WHAT IS EXPECTED: Once you find the line with "Three- and four-masted" in the entries below, print it and each line after it up to and including the line with "Radiance 5, 2023", exactly, without pictures.

RECORDS SHOWN:
•••••
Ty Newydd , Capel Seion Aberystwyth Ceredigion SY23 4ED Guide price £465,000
•••••
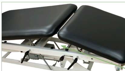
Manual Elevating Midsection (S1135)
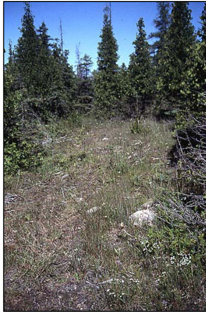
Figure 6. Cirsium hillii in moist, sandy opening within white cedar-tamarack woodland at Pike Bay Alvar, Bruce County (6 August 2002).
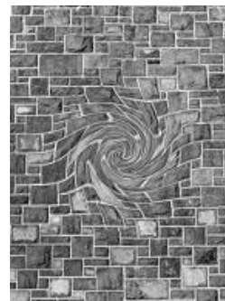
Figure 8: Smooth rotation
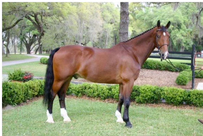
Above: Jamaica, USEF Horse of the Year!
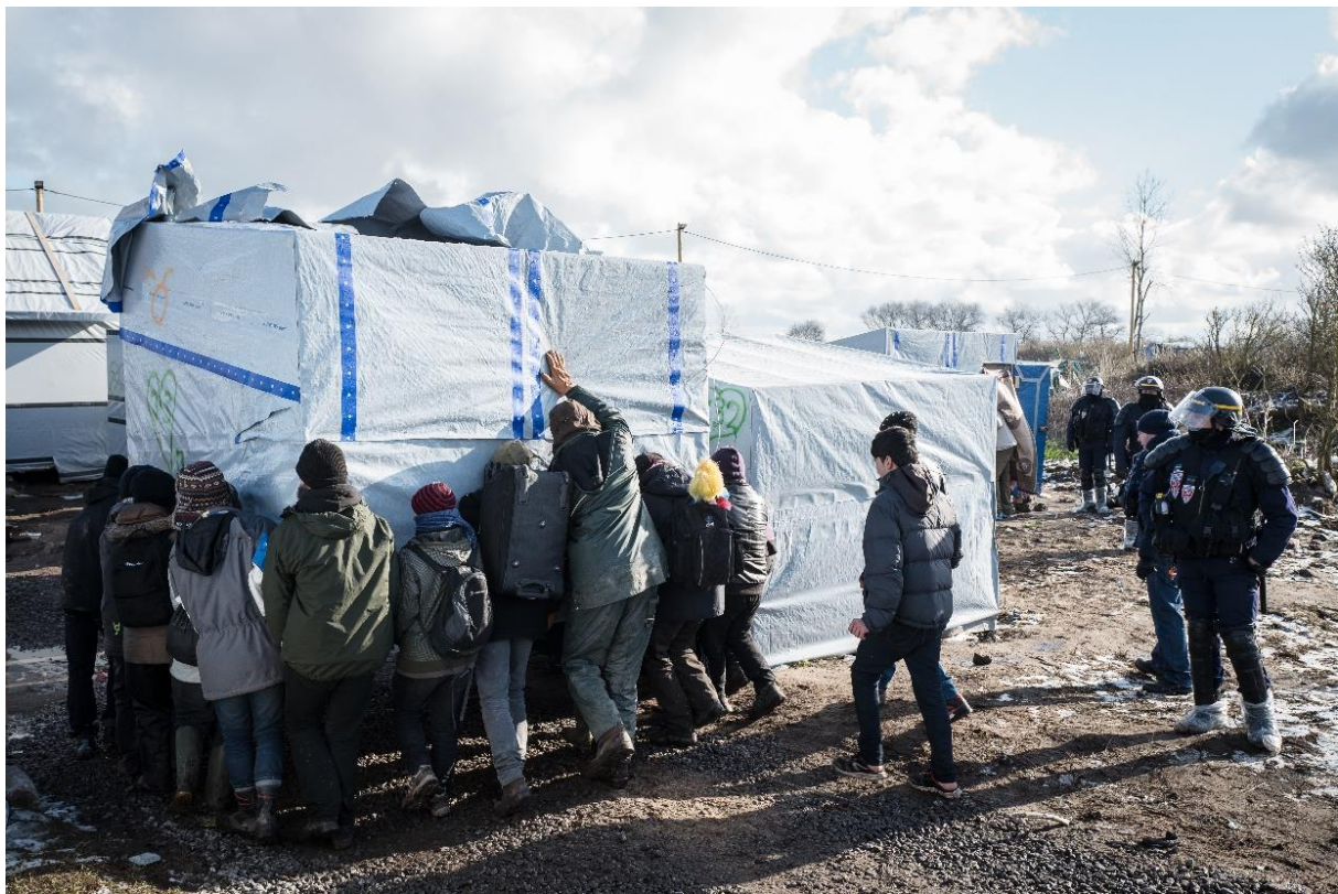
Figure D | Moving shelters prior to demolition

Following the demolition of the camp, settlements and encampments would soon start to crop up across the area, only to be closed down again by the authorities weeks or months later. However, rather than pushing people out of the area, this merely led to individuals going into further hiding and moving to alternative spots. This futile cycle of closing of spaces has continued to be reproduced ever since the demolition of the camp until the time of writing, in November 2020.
•••••
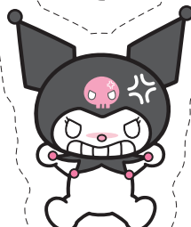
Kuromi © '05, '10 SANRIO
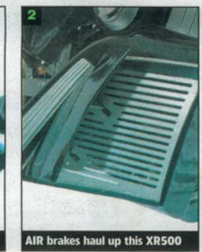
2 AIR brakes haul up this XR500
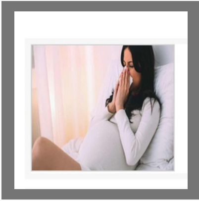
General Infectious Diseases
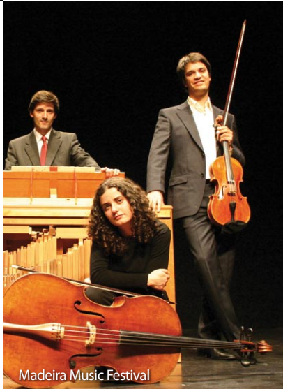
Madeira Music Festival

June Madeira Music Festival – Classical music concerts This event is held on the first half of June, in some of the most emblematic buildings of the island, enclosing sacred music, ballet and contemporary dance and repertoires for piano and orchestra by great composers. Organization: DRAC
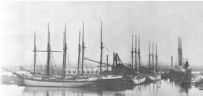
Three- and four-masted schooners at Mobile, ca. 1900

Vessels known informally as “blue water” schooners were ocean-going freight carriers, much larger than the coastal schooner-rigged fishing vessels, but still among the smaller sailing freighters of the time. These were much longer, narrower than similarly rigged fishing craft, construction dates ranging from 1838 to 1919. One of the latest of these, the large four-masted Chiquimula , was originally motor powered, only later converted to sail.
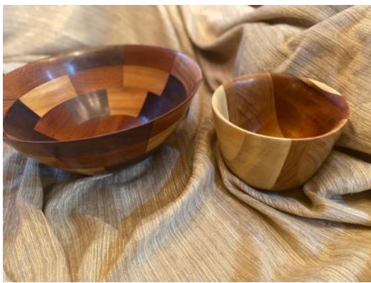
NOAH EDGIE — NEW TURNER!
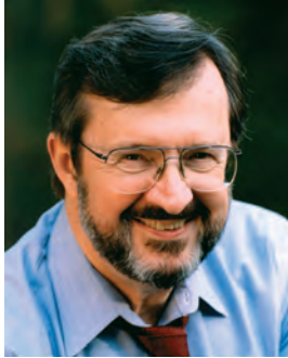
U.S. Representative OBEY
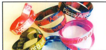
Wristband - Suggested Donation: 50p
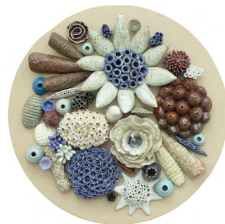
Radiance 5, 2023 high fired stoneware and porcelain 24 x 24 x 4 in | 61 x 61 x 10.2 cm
•••••
ANSWER BELOW:
Three- and four-masted schooners at Mobile, ca. 1900

Vessels known informally as “blue water” schooners were ocean-going freight carriers, much larger than the coastal schooner-rigged fishing vessels, but still among the smaller sailing freighters of the time. These were much longer, narrower than similarly rigged fishing craft, construction dates ranging from 1838 to 1919. One of the latest of these, the large four-masted Chiquimula , was originally motor powered, only later converted to sail.
NOAH EDGIE — NEW TURNER!
U.S. Representative OBEY
Wristband - Suggested Donation: 50p
Radiance 5, 2023 high fired stoneware and porcelain 24 x 24 x 4 in | 61 x 61 x 10.2 cm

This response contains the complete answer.